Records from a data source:

+ + + +

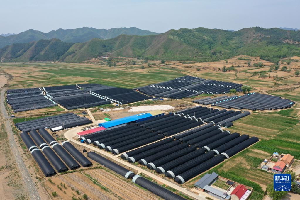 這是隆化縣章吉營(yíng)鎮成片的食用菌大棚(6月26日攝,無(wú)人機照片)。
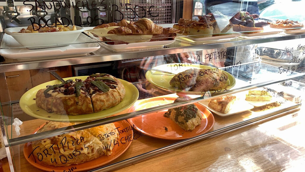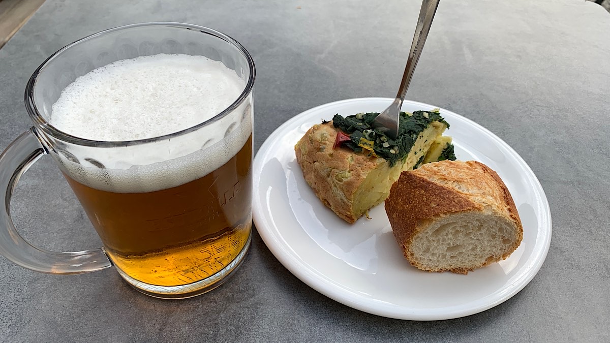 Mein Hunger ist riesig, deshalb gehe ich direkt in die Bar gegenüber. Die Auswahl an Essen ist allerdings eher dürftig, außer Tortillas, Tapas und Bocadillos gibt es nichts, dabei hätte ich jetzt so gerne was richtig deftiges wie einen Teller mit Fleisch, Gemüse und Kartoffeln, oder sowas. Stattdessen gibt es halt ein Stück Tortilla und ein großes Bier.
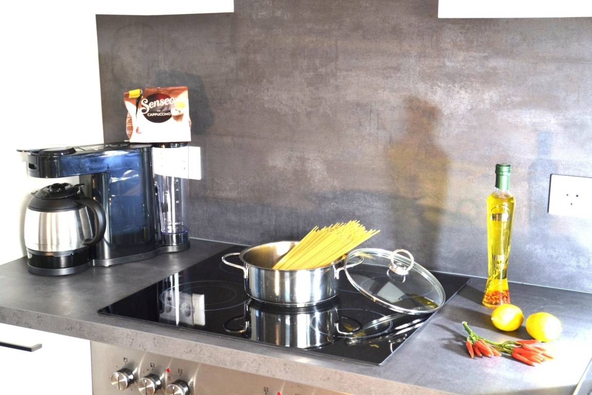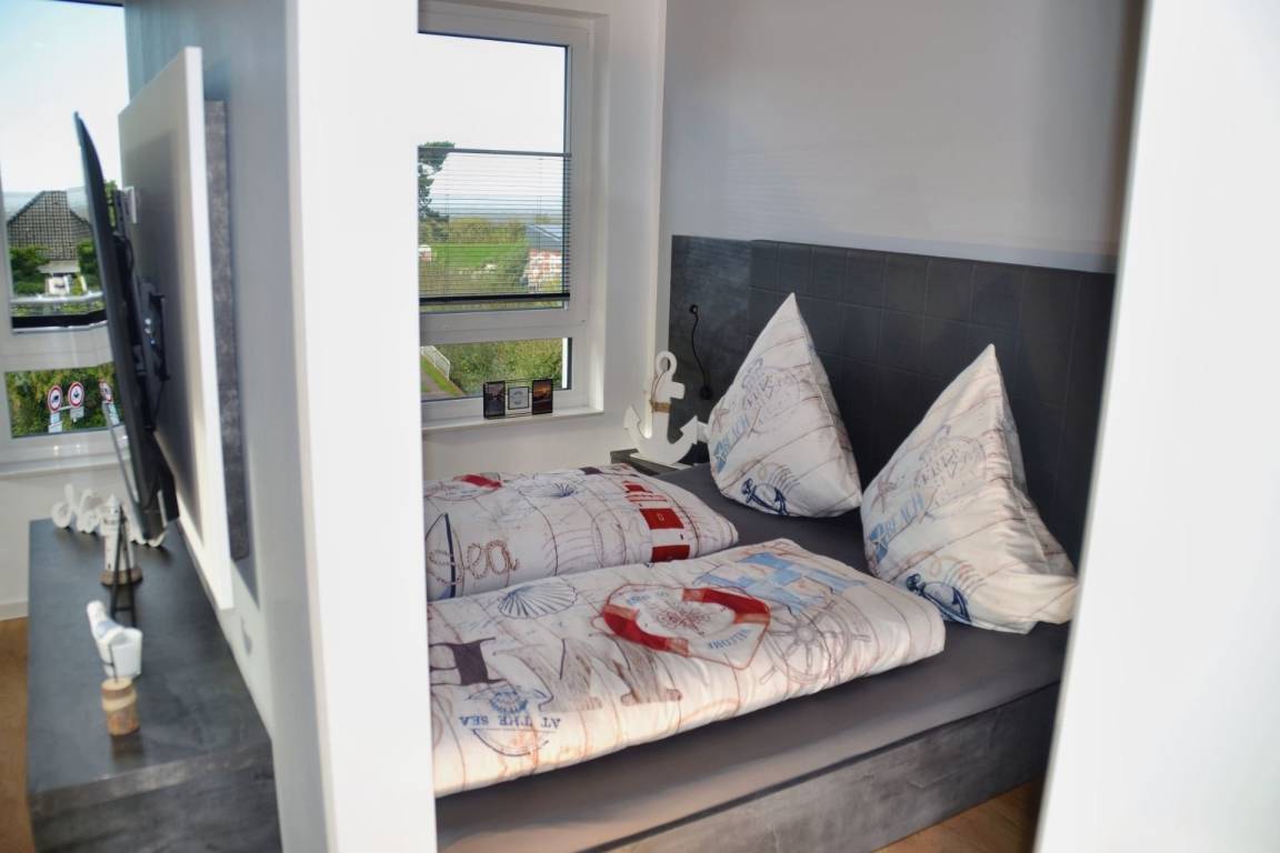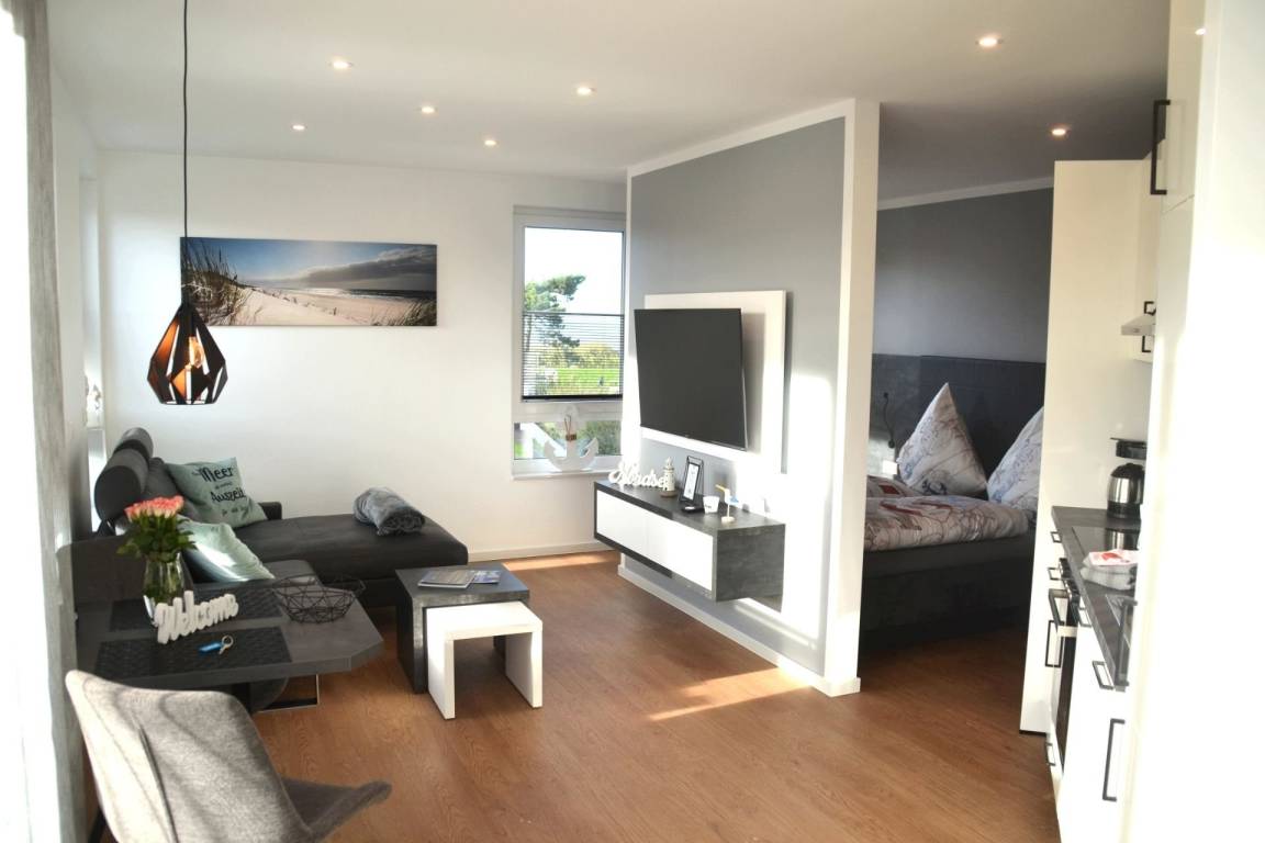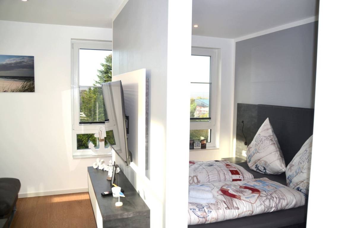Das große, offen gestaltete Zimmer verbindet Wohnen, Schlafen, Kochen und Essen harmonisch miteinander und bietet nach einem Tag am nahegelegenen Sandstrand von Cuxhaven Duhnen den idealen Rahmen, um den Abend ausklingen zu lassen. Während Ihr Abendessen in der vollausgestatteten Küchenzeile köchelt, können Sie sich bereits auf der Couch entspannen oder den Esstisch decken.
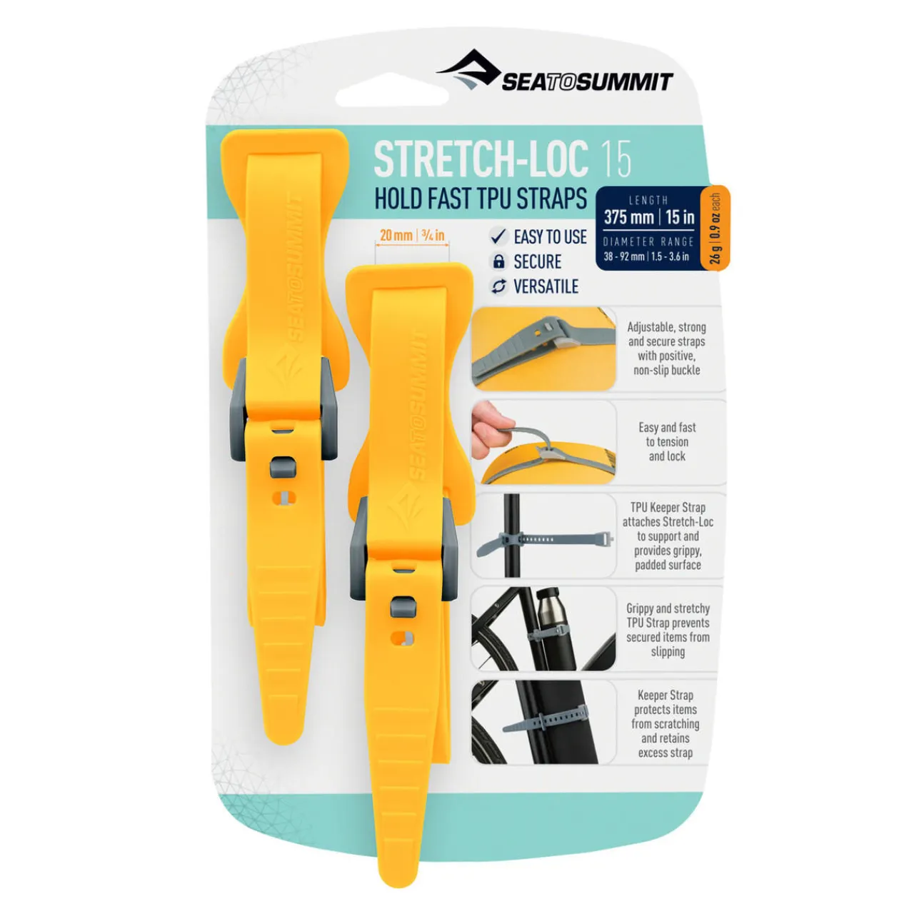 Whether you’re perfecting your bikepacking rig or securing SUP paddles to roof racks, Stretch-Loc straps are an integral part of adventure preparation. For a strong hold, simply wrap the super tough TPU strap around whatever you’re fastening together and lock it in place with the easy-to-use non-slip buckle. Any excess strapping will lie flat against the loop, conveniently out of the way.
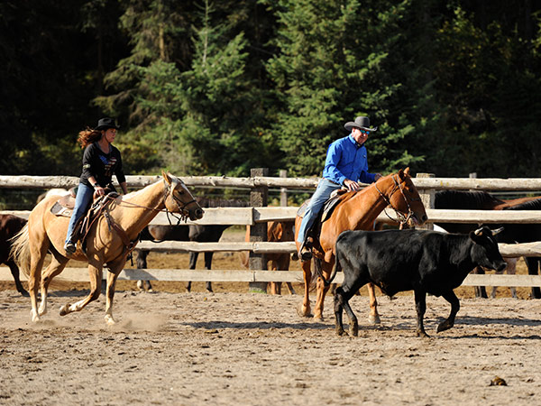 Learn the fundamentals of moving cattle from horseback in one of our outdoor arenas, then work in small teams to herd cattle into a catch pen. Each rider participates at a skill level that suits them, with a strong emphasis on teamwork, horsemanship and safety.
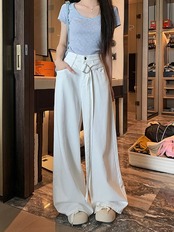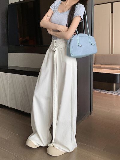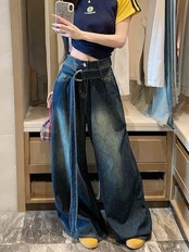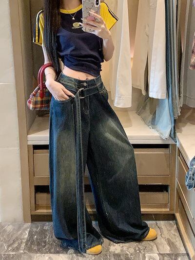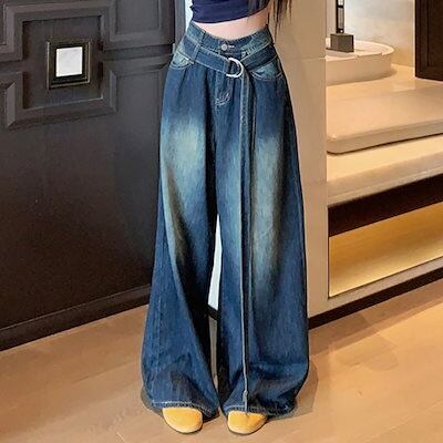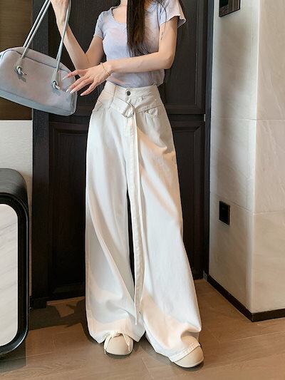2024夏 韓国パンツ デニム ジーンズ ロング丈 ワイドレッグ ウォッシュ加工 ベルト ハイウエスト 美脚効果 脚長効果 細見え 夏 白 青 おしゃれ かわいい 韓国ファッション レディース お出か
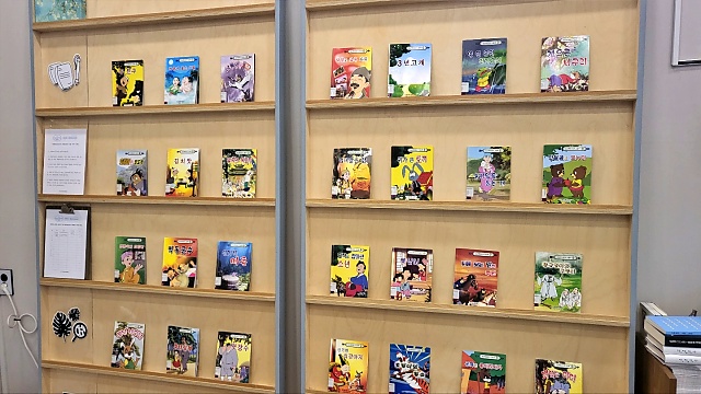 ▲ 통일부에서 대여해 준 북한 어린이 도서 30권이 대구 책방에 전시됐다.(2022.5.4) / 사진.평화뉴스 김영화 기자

+ + + +

### Aim of the exercise
An exact copy of every line above is needed, without the images.

### Answer below
 這是隆化縣章吉營(yíng)鎮成片的食用菌大棚(6月26日攝,無(wú)人機照片)。
 Mein Hunger ist riesig, deshalb gehe ich direkt in die Bar gegenüber. Die Auswahl an Essen ist allerdings eher dürftig, außer Tortillas, Tapas und Bocadillos gibt es nichts, dabei hätte ich jetzt so gerne was richtig deftiges wie einen Teller mit Fleisch, Gemüse und Kartoffeln, oder sowas. Stattdessen gibt es halt ein Stück Tortilla und ein großes Bier.
Das große, offen gestaltete Zimmer verbindet Wohnen, Schlafen, Kochen und Essen harmonisch miteinander und bietet nach einem Tag am nahegelegenen Sandstrand von Cuxhaven Duhnen den idealen Rahmen, um den Abend ausklingen zu lassen. Während Ihr Abendessen in der vollausgestatteten Küchenzeile köchelt, können Sie sich bereits auf der Couch entspannen oder den Esstisch decken.
 Whether you’re perfecting your bikepacking rig or securing SUP paddles to roof racks, Stretch-Loc straps are an integral part of adventure preparation. For a strong hold, simply wrap the super tough TPU strap around whatever you’re fastening together and lock it in place with the easy-to-use non-slip buckle. Any excess strapping will lie flat against the loop, conveniently out of the way.
 Learn the fundamentals of moving cattle from horseback in one of our outdoor arenas, then work in small teams to herd cattle into a catch pen. Each rider participates at a skill level that suits them, with a strong emphasis on teamwork, horsemanship and safety.
2024夏 韓国パンツ デニム ジーンズ ロング丈 ワイドレッグ ウォッシュ加工 ベルト ハイウエスト 美脚効果 脚長効果 細見え 夏 白 青 おしゃれ かわいい 韓国ファッション レディース お出か
 ▲ 통일부에서 대여해 준 북한 어린이 도서 30권이 대구 책방에 전시됐다.(2022.5.4) / 사진.평화뉴스 김영화 기자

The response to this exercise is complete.